The accusation thuds through me, a painful tumbling trajectory down down down my mind and throat and heart, until it comes to rest in the pit of me.

Her sunglasses are aimed at a point between my hiking boots, but behind the smoky plastic she’s hanging on my reaction, waiting for me to say something. Anything. But I don’t. I’m paralyzed. This isn’t really happening to me. This isn’t my life.

Tears leak down her steep cheekbones and drip off her jaw. “Goddamn you,” she whispers. It’s only the third time I’ve ever heard her swear.

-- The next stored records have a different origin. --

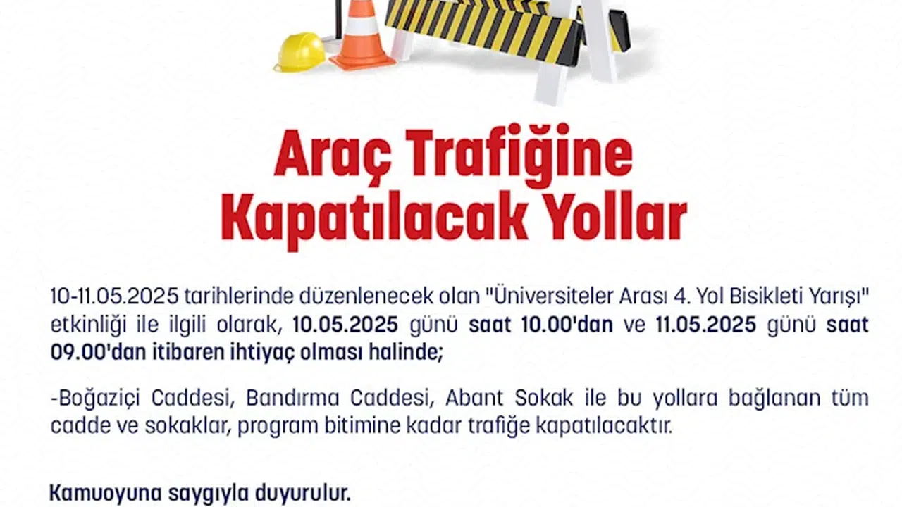Ankara Emniyet Müdürlüğü sosyal medya hesabından paylaşım yaparak, 10- 11 Mayıs tarihlerinde düzenlenecek olan ‘Üniversiteler Arası 4. Yol Bisikleti Yarışı’ etkinliği ile ilgili olarak, 10 Mayıs günü saat 10.00'dan ve 11 Mayıs günü saat 09.00'dan itibaren ihtiyaç olması halinde bazı yoların araç trafiğine kapatılabileceğini açıkladı. Yapılan açıklamada, ihtiyaç duyulması halinde, Boğaziçi Caddesi, Bandırma Caddesi, Abant Sokak ile bu yollara bağlanan tüm cadde ve sokakların, program bitimine kadar trafiğe kapatılacağı belirtildi. (DHA)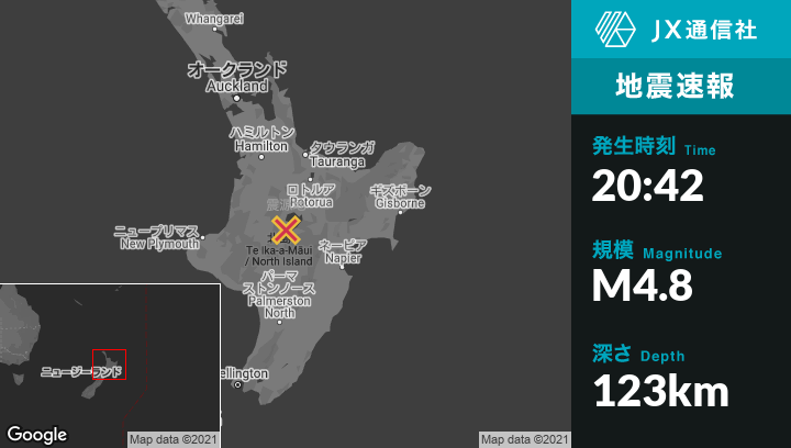 | 震源地 | ニュージーランドのTurangiから北北西18kmの地点 |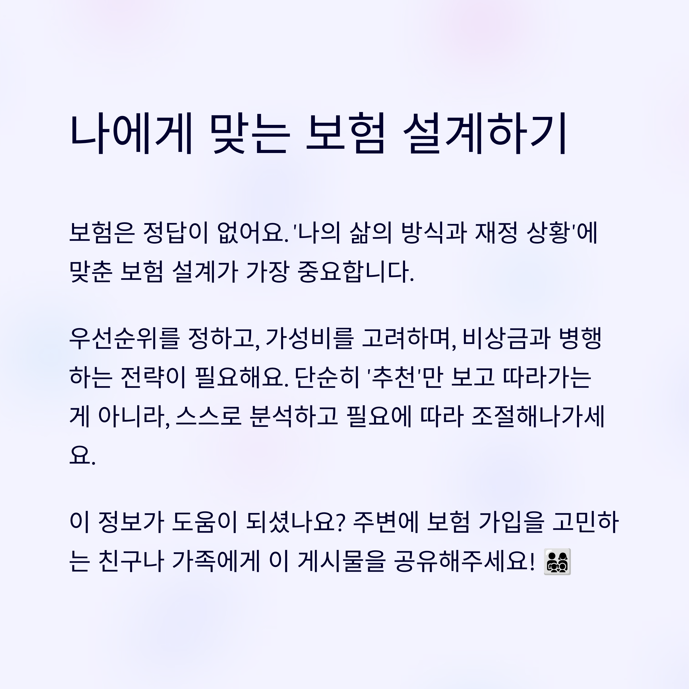 보험은 단순히 '추천'만 보고 따라가는 게 아니라, 스스로 분석하고 필요에 따라 조절해나가는 거예요. 이 과정을 통해 진짜 내게 맞는 보장이 완성된답니다! 💪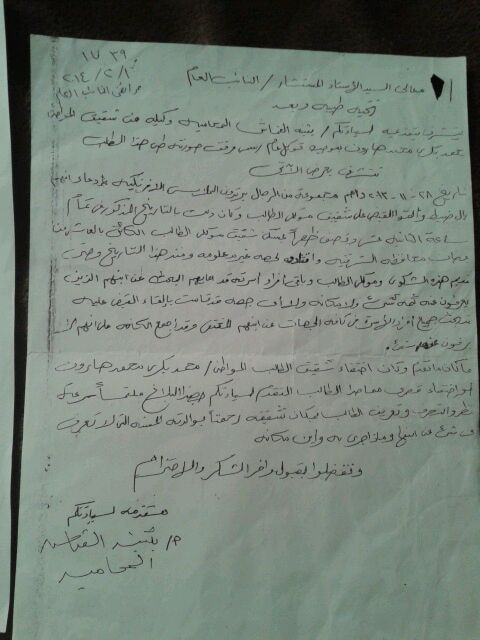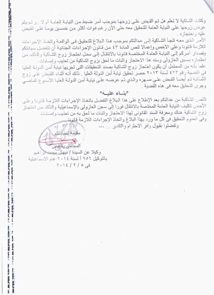 4- شكوى مقدمة إلى النائب العام حول اختفاء المتهم الثاني في القضية قبل وقوع الجرائم محل المحاكمة: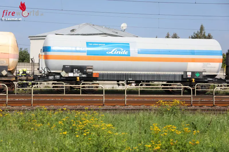 HÖRSCHING (OÖ): Die Feuerwehr stand Dienstagvormittag, 5. September 2017, bei einem Gefahrstoffaustritt aus einem Druckgaskesselwaggon im Bahnhofsbereich Hörsching (Bezirk Linz-Land) im Einsatz.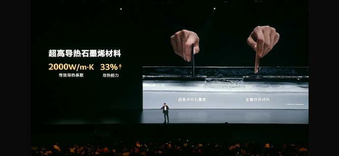 中国粉体网讯 11月26日,在华为Mate品牌盛典上发布了最新款折叠屏手机Mate X6,其采用革新散热技术,搭载分布式玄武架构还采用了超高导热石墨烯材料,散热效果提升33%。余承东介绍用这一材料切冰块就像切豆腐一样,通过手的温度传导到石墨烯散热片上切割冰块如同切豆腐一般丝滑,直观展现其强大导热能力。发布会结束后的现场体验环节人们也是争相体验这一“神奇”的技术。

Suddenly Nooshin breaks into a dead sprint away from me, her Nikes slap-slap-slapping across the plaza, backpack jouncing wildly. She’s running so fast and frantically that her sunglasses fly off and smack the cobblestones, fracturing into pieces.

I think about stopping her or not stopping her, decide I want to stop her, try to find words that will stop her and halt this instant accelerating devolution, but she’s already traversing the plaza and disappearing into a side alley. That’s my last glimpse of her, Nooshin glancing over her shoulder in heartbroken beauty, all long scrawny limbs and flat chest and octopus ink air, that crooked eye wandering over me. And then the alley swallows her up, and she’s gone.